*** Block opens ***
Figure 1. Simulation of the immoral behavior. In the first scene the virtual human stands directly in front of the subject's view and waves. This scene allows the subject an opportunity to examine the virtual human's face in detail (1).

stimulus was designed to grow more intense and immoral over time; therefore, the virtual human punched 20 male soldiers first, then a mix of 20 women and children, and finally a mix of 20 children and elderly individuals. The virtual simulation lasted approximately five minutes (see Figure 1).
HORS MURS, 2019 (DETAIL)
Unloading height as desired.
*** Block closes ***
*** Block opens ***
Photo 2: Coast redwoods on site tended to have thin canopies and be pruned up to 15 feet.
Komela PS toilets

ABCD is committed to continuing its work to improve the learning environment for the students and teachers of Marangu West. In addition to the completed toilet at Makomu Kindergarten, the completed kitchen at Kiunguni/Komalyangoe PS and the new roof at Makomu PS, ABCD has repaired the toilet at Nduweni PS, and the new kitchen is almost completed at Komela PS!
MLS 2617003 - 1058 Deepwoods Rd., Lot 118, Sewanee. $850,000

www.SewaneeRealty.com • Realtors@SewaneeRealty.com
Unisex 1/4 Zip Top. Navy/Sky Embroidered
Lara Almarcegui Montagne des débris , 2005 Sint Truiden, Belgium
*** Block closes ***
*** Block opens ***
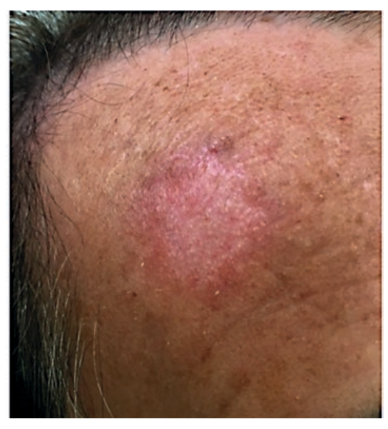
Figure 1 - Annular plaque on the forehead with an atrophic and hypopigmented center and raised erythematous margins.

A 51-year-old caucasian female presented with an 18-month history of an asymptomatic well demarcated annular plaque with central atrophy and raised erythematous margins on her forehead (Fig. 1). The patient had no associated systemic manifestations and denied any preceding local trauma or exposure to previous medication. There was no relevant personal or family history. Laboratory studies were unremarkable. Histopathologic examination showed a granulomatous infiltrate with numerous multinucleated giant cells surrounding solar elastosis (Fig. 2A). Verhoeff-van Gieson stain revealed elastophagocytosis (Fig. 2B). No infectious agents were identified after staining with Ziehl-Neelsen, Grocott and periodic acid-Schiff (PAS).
*** Block closes ***
— EXERCISE —
Search the records above for the string "raised". Copy every line that contains it.

— TASK RESPONSE —
Figure 1 - Annular plaque on the forehead with an atrophic and hypopigmented center and raised erythematous margins.
A 51-year-old caucasian female presented with an 18-month history of an asymptomatic well demarcated annular plaque with central atrophy and raised erythematous margins on her forehead (Fig. 1). The patient had no associated systemic manifestations and denied any preceding local trauma or exposure to previous medication. There was no relevant personal or family history. Laboratory studies were unremarkable. Histopathologic examination showed a granulomatous infiltrate with numerous multinucleated giant cells surrounding solar elastosis (Fig. 2A). Verhoeff-van Gieson stain revealed elastophagocytosis (Fig. 2B). No infectious agents were identified after staining with Ziehl-Neelsen, Grocott and periodic acid-Schiff (PAS).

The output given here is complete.